Calculating the rotation quantity of each dynamic node of the shooting prop module at the current time point under the matched rotation axis number;

Generating current prop interaction information based on the rotation quantity of each dynamic node under each matched rotation axis number; the current prop interaction information characterizes the shooting prop state of the shooting prop module at the current time point; the shooting prop module is configured with a plurality of dynamic nodes in virtual construction; each dynamic node is configured with a matched number of rotation axes;

Calculating the reference rotation quantity of each dynamic node of the shooting prop module from the current time point state to the subsequent time point of the current time point under the matched rotation axis number of each dynamic node based on the pre-trained position prediction model according to the continuous position coordinate information and the current prop interaction information;

Generating prop operation information based on the calculated reference rotation quantity of each dynamic node under the corresponding rotation axis number; the prop operation information characterizes an operation mode of the shooting prop module from the current time point to a subsequent time point of the current time point;

And determining the shooting prop state of the shooting prop module at the subsequent time point of the current time point based on the prop operation information and the current prop interaction information, and switching the shooting prop state indicated by the current prop interaction information of the shooting prop module into the shooting prop state at the subsequent time point of the current time point.

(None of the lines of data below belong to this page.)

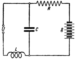 5. Благодаря тому, что дуга имеет падающую характеристику, она может быть использована в качестве генератора незатуха-ющих колебаний. Схема такого дугового генератора представ-лена на рис. 7. Условия генерации колебаний в этой
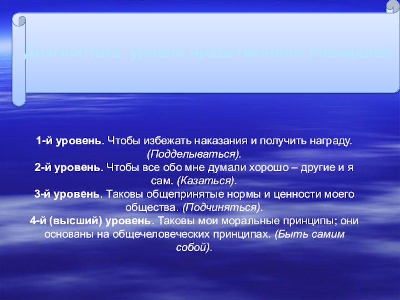 Диагностика уровня нравственного поведения   1-й уровень. Чтобы избежать наказания и получить награду. (Подделываться).
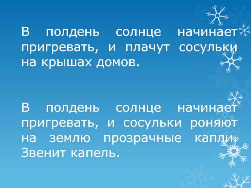 В полдень солнце начинает пригревать, и сосульки роняют на землю прозрачные капли. Звенит капель.
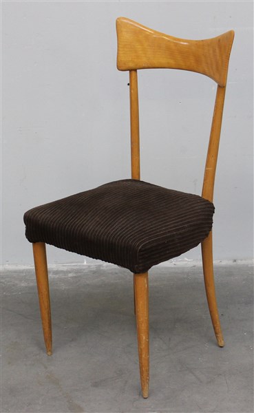 Sedia con struttura in legno massello, seduta imbottita e rivestita in velluto a coste. Italia, anni '40. (cm 46x91x45) (lievi difetti)
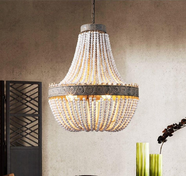 BeadLustre Vintage Kronleuchter aus Holzperlen | Runde Pendelleuchte | Eleganz für Zuhause
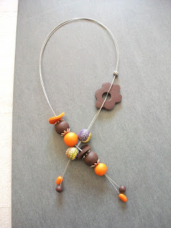 Un collier orange et chocolat dont le montage m'a été montré par Emeu et Nelly à Bar-leDuc , je l'aime beaucoup ,vous pouvez aller voir leurs blogs ,elles font des merveilles .
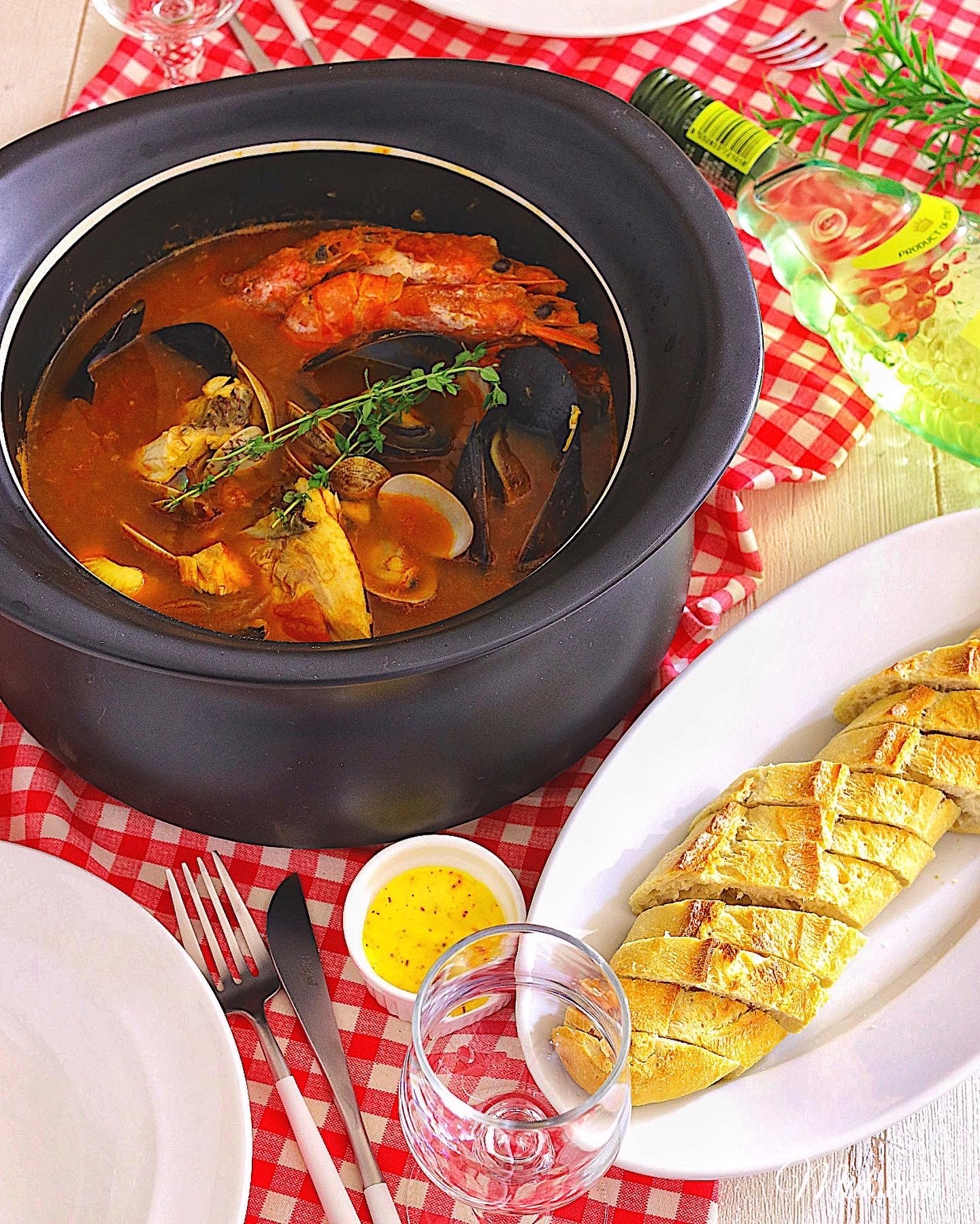 - ⑦ルイユを作ります。サフランをオーブントースターで軽く焼き(すぐ焦げるので要注意)キッチンペーパーに取り揉んで粉末にしたら、他の材料と混ぜたら完成です。バゲットにルイユを塗り、スープにつけていただきます。
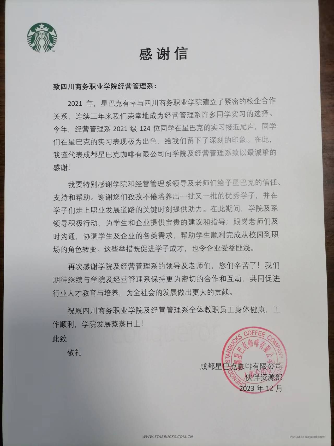 近日,成都星巴克咖啡有限公司向今年会经营管理系致信,充分肯定和高度评价学院和该系在校企合作工作中对星巴克公司的信任支持和鼎力相助。

9. The method of claim 8, wherein the estimating, based on the pre-trained position prediction model, a reference rotation amount of each dynamic node of the shooting prop module at each matched rotation axis number from the current time point state to a subsequent time point of the current time point based on the continuous position coordinate information and the current prop interaction information, comprises:

Calculating a normal distribution center value for indicating dynamic change of each dynamic node from the current time point to a subsequent time point of the current time point under the corresponding rotation axis number based on the continuous position coordinate information and the current prop interaction information based on the pre-trained position prediction model; the normal distribution center value comprises component values of a plurality of aspects, and the component value of one aspect in the normal distribution center value is used for indicating dynamic change of one dynamic node on the corresponding rotation axis number;

Acquiring target normal distribution determined by the normal distribution central value, and respectively carrying out random extraction on the target normal distribution aiming at each aspect of the normal distribution central value to obtain random rotation quantity matched with each aspect;

accumulating the component values matched in each aspect and the random rotation quantity respectively to obtain a reference rotation quantity of each dynamic node under the matched rotation axis number; one reference rotation amount is an accumulated value of a component value to which the corresponding aspect belongs and a random rotation amount.

10. A server system comprising a server for performing the method of any of claims 1-9.